Gezondheid

Methode om risico van
vaatafsluiting te meten

Door A. M. Alblas
Vernauwingen van de bloedvaten (atherosclerose) worden vaak veroorzaakt door kalkvorming aan de binnenkant van een bloedvat. Vernauwingen met een hoog vetgehalte (lipiden) zijn echter veel gevaarlijker omdat deze kunnen scheuren. Het bloedvat slibt daardoor veel sneller dicht.

Dr. Carolien Bouma, medisch biologe, promoveerde onlangs aan de Universiteit Utrecht op een door haar ontwikkelde catheter, waarmee vernauwingen met een hoog risico voor afsluiting met grote nauwkeurigheid kunnen worden onderscheiden van vernauwingen met een laag risico.

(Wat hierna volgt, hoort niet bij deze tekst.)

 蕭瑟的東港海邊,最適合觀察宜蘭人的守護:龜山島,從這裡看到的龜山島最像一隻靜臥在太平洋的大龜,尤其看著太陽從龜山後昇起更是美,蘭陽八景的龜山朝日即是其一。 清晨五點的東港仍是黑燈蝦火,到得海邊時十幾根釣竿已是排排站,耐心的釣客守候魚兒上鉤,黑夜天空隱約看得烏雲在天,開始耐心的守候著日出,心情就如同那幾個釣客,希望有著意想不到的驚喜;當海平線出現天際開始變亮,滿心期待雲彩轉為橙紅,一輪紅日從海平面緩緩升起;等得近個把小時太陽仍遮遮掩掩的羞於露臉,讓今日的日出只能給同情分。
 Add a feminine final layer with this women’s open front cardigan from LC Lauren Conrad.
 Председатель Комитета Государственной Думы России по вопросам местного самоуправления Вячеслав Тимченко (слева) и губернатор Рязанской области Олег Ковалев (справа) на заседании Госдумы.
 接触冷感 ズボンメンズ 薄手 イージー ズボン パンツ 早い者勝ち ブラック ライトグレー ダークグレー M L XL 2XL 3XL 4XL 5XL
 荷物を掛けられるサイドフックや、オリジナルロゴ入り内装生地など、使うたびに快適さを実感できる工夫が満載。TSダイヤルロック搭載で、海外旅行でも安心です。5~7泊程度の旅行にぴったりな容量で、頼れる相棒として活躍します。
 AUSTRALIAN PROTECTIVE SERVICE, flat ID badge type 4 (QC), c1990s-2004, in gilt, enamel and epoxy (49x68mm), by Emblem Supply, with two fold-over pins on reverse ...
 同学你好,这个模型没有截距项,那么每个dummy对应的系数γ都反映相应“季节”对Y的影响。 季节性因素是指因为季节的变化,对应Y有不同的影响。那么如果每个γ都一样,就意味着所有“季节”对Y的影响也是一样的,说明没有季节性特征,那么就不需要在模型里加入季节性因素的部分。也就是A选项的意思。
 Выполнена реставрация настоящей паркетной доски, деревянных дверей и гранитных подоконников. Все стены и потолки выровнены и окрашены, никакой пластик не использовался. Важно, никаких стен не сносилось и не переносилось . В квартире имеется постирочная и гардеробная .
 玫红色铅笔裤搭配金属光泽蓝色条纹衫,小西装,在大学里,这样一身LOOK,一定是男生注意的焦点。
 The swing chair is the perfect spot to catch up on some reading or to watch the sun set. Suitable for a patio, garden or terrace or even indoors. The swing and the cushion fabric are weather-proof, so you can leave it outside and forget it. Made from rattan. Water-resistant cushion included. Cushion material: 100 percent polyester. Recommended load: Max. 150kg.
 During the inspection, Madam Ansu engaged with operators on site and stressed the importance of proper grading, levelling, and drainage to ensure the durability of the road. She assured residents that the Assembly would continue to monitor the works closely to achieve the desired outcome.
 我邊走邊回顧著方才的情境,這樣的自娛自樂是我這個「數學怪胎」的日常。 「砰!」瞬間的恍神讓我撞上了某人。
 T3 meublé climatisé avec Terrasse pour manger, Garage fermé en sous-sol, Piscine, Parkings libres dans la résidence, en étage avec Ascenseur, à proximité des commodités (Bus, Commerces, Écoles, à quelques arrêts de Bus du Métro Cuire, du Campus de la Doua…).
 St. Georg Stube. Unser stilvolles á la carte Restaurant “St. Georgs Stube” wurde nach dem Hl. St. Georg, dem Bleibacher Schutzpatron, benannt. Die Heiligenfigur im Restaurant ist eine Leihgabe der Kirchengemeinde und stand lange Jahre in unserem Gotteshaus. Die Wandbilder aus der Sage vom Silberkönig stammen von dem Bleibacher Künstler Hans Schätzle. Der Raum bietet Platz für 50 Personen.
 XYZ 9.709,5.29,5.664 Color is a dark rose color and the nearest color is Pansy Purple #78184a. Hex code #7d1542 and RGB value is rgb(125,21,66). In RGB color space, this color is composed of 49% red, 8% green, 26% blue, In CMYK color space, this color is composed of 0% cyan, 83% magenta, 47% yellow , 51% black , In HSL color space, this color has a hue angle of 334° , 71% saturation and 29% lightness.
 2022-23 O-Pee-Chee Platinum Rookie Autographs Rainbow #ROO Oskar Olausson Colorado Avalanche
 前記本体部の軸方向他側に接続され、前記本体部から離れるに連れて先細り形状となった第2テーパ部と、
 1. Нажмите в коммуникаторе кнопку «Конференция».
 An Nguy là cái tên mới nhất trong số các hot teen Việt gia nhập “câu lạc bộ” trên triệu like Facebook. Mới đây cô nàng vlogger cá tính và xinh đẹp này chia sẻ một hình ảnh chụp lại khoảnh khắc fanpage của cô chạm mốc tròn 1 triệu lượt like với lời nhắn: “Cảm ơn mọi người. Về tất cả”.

Hart- en vaatziekten, met name aderverkalking (atherosclerose), zijn de belangrijkste doodsoorzaak in de moderne westerse wereld. „Wanneer bloedvaten langzaam dichtslibben, zie je dat het lichaam zich aanpast. Bloedvaatjes in de omgeving van de vernauwing nemen dan de bloedtoevoer naar de organen over. Acute problemen ontstaan er wanneer een bloedvat heel snel dichtslibt. Dat komt waarschijnlijk doordat een vernauwing scheurt, waardoor de bloedstolling op de plaats van de vernauwing extra wordt bevorderd. Bij de vaten die het hart van bloed voorzien, nemen bij een afsluiting andere vaten de bloedvoorziening niet over. Als gevolg daarvan krijgt een deel van de hartspier geen bloed en sterft af”, zegt mevrouw Bouma.

Dottertechniek
Om een dergelijk acuut probleem te verhelpen, zijn verschillende technieken ontwikkeld om sterk vernauwde bloedvaten te heropenen, zoals dotteren, het plaatsen van een stent of een behandeling met antistollingsmiddelen die de vernauwing moeten opheffen. Intussen is uit onderzoek gebleken dat de samenstelling van de vernauwing, waarvan de kern bestaat uit een bepaalde hoeveelheid kalk of vet, van essentieel belang is. Niet alleen voor de resultaten van de behandeling op lange termijn maar ook voor het risico dat de afsluiting vormt. Een vernauwing waarvan de kern bestaat uit meer kalk dan vet, is minder gevaarlijk dan een prop waarvan de kern meer vet dan kalk bevat.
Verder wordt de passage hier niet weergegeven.